Consistent with the association between TEs and chromosomal rearrangements, the breakpoints of inversions and translocations also shared a similar genomic distribution to that of TE insertions. We expect that many of these events may have large fitness effects. Although not a factor in clonally propagated MA lines, many of the observed rearrangements are likely to cause meiotic incompatibilities. Furthermore, it is very likely that we have underestimated the true rate of translocations; we only observed translocations that retained a single centromere per chromosome, likely owing to highly reduced fitness following the formation of acentric chromosomes. Overall, the high fraction of the total mutation rate explained by SMs, together with their genomic distribution, suggests that SMs contribute substantially to the mutation load but also to the potential for adaptive evolution.

Notably, we also observed a strong bias toward genome size expansion in MA lines, which was driven by TE insertions and duplications. In some cases, the ancestral copy number of a TE increased severalfold in an MA line genome over the course of the experiment. The C. reinhardtii genome is highly compact, and TE copy number is generally low within TE families (Craig 2021), suggesting that the observed tendency toward genome expansion in MA lines is counteracted by purifying selection in nature. Based on short-read data, similar expansion biases have been reported for duplications in MA lines of Caenorhabditis elegans (Konrad et al. 2018) and for TE insertions in MA lines of Daphnia magna (Ho et al. 2021). Briefly, it is important to note that copy-and-paste TEs may effectively act as mutators in an MA experiment because each new insertion has the potential to create a new active copy and subsequently increase transposition rate. Thus, our observed rates of TE insertion, which were averaged over almost 1050 generations, may be overestimated relative to those occurring in nature.
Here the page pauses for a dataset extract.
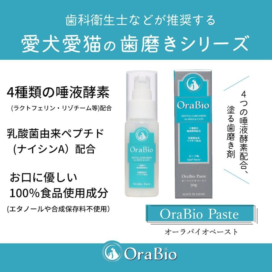 犬猫用歯磨き剤「オーラバイオペースト」は、ラクトフェリンやリゾチームなど4種の唾液酵素を配合し、清掃剤には卵殻由来のアパタイトを配合しました。乳酸球菌培養エキス(ナイシンA)も配合した合成保存料などを使わない、ペットのお口に優しい歯磨き剤です。
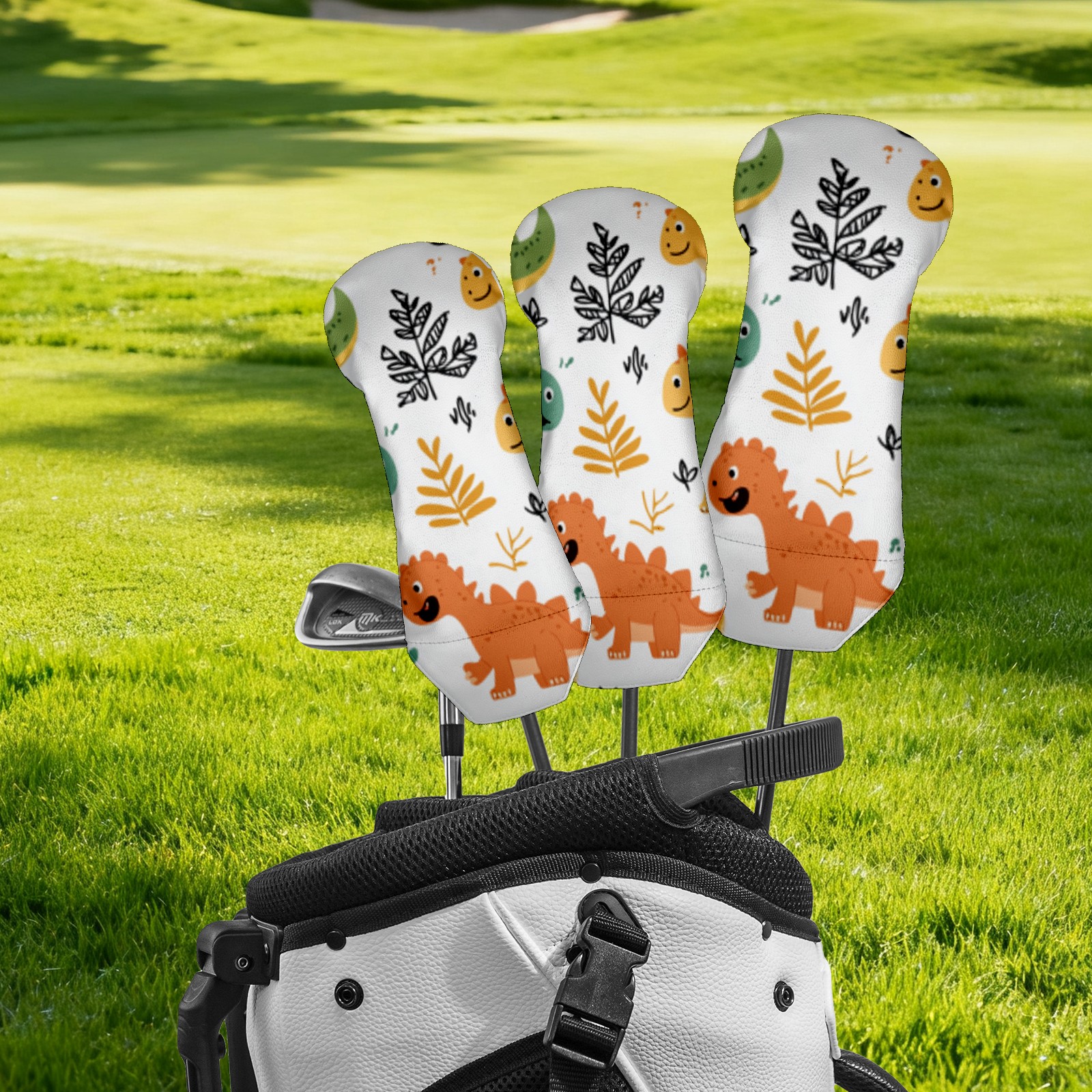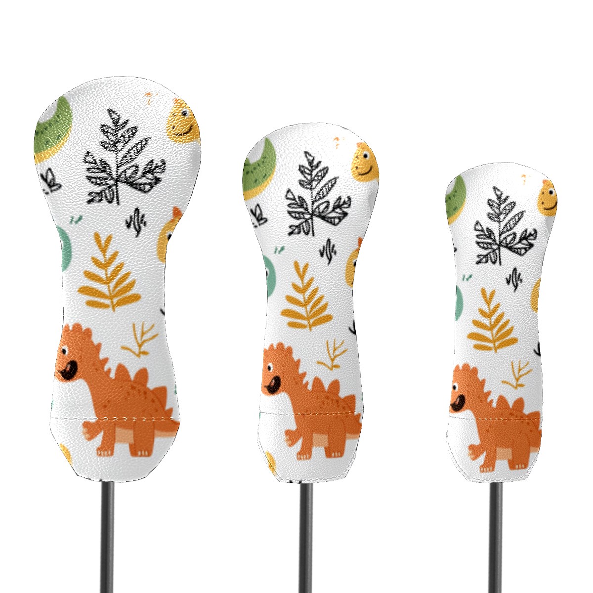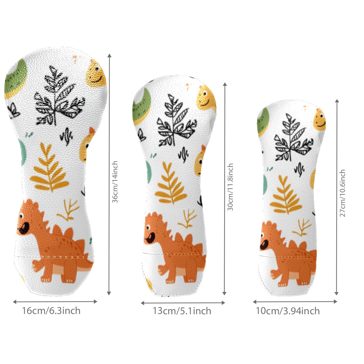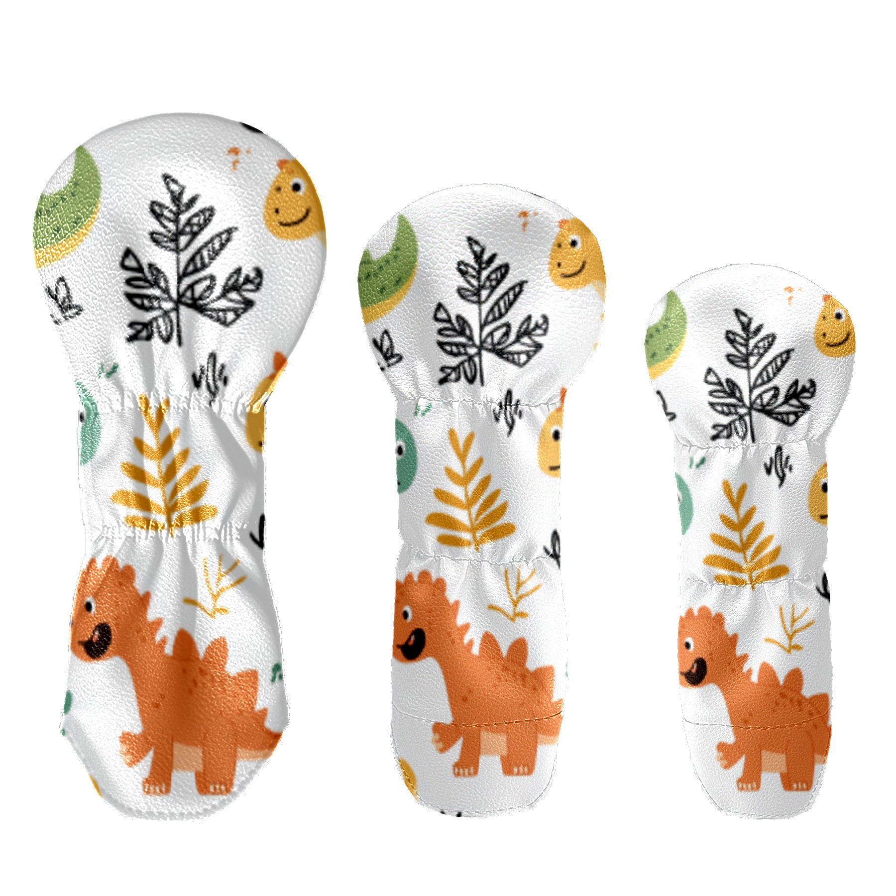 Golf Head Cover Waterproof Leather Headcovers for Driver Golf Accessories Golf Christmas Gift for Golfers 1/3/5 Hybrid Fairway Wood Cover CuteDinosaur_JunglePastel

Our results highlight the prevalence and importance of TEs among SMs and support a prominent evolutionary role for TEs. The heterogeneity in the rate and identity of TE insertions between CC-2931 and CC-1952 contributed substantially to the overall differences in SM rates and spectra between the strains. Our results suggest that species, populations, and even individuals may differ considerably in their SM spectra as a result of their active TE repertoire. More work would be required to investigate the rate of new SMs in other species and to elucidate the generality of results observed here. In particular, it will be important to test whether similar within-species variation in SM rates and spectra exists in other taxa. Our results add to the weight of evidence supporting the importance and prevalence of SMs and should further encourage structural variant discovery via assembly-based methods.

Methods

Biological samples and nucleic acids extraction

The MA line ancestors were C. reinhardtii wild strains CC-1952 (from Minnesota, 1986) and CC-2931 (North Carolina, 1991), which were originally obtained from the Chlamydomonas Resource Center (https://www.chlamycollection.org/). The MA experiment was conducted by Morgan et al. (2014). Briefly, MA lines were initiated from the ancestor strains and cultured on Bold's medium agar plates under white light at 25°C. MA lines were bottlenecked at regular intervals of 3–5 d by randomly picking single colonies and transferring them from one plate to another. MA lines were maintained for estimated averages of 1066 and 1050 generations for CC-1952 and CC-2931, respectively, after which Illumina sequencing was performed. The original ancestors and MA lines from the last transfer of the experiment were cryopreserved in liquid nitrogen.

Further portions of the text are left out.